How much responsibility does a public relations firm have for ensuring that the statements it issues on behalf of clients are factually accurate? And how, at a time when consumers are inundated with disinformation and junk science, can a public relations firm be expected to evaluate controversial scientific claims?

These are questions that occurred to me—not for the first time—as I read through The Guardian’s account of a new report produced by fossil-fuel watchdog group the Center for Climate Integrity, which presents some compelling evidence that plastic recycling is not the responsible waste management solution the industry has been promoting for the past several decades.

More troubling, the report suggests that the plastics industry has known for most if not all of that time that “does not solve the solid waste problem,” to quote one industry source.

Reading through the report itself—even knowing that it comes from a source with an ax to grind against the fossil fuel business—it is hard not to hear echoes of the story told about the tobacco industry in books like “Merchants of Doubt” by Naomi Oreskes and Erik Conway, or climate change denialists in “Doubt Is Their Product” by David Michaels.

Those books provide well-documented evidence that leaders in first the tobacco industry and later the oil production business were well-aware of the harmful impact of their products long before they shared that information with the public—and indeed, that they knew the information they were sharing with the public was not only incomplete but downright false.

In the case of the tobacco industry in particular, there is compelling evidence that at least some of the communications professionals were well aware of what the industry’s own scientists had discovered. Specifically, a December 1953 meeting between the representatives of major tobacco companies and PR legend John Hill (of Hill & Knowlton) laid the groundwork for one of the most deceptive and destructive public relations campaigns of all time.

In short, the industry created a template that involved finding experts who were prepared—whether for financial or ideological reasons—to sow doubt about the scientific orthodoxy; assailing the integrity of academics and industry critics; and leveraging the media’s susceptibility to charges of bias in order to prevent or delay regulations that would have hurt the sales of their products and saved countless lives.

That campaign would also lay the foundation for the kind of disinformation that continues to delay action of climate change and has since been used against corporate America by the anti-vaxxer movement.

But not every case in which public relations professionals have presented inaccurate—even distorted—science is quite so clear cut.

In 2016, for example, the top public relations award at Cannes went to a campaign that purported to show the benefits of a Swedish family switching to an all-organic diet, but by focusing on chemicals found in certain pesticides and completely ignoring the different set of chemicals found in organic pesticides—an approach that was at best misleading and at worst completely dishonest.

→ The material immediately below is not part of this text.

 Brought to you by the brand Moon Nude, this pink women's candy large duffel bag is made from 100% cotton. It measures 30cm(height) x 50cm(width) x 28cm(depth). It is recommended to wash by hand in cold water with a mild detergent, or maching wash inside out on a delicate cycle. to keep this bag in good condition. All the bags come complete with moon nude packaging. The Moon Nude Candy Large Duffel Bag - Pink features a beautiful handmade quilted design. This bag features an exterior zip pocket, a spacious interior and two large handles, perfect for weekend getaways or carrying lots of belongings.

There’s no reason to believe the PR people involved in this campaign understood just how misleading the selective presentation of science was. After all, they were sufficiently proud of their work to submit it for the scrutiny of an awards jury.

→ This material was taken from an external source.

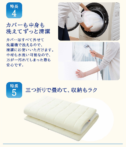 カバーは両面仕様で、夏面は通気性良く柔らかく、冬面はふっくら暖かい寝心地です。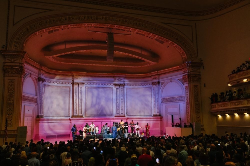 Arriving on stage in a midnight-blue grand boubou, N’Dour fronted an 11-piece ensemble, including some new faces but also key members who’ve been with him for decades. Throughout a two-hour and 20 minute show—by my count a few minutes longer than Burna Boy’s show—N’Dour played some 28 songs stretching out generously and sometimes linking song-to-song without a pause. N’Dour was not aiming for the international hits. Few of those songs contained any English, and well-known standards like “Immigres,” “Birima” and “Set” were bundled together near the end of the show. As an example of N’Dour’s prolific output, I have about 24 of his albums, including a number released only in Senegal, and the Carnegie Hall set list included at least 10 songs I find on none of those recordings.

Which brings us to all the work public relations firms have done to promote plastic recycling initiatives around the world, much of which has been submitted to and even won PR and advertising awards (including this site’s own SABRE Awards). Some of those campaigns were paid for by the plastics industry, or by industries that use plastic packaging, while others were sponsored by government and even by NGOs. But my guess is that most of the PR people involved in these campaigns believed they were doing something good.

There’s no question that public relations professionals are increasingly being asked to communicate controversial scientific information, in areas ranging from healthcare to nutrition to the environment—not to mention the upcoming explosion of AI-related communications.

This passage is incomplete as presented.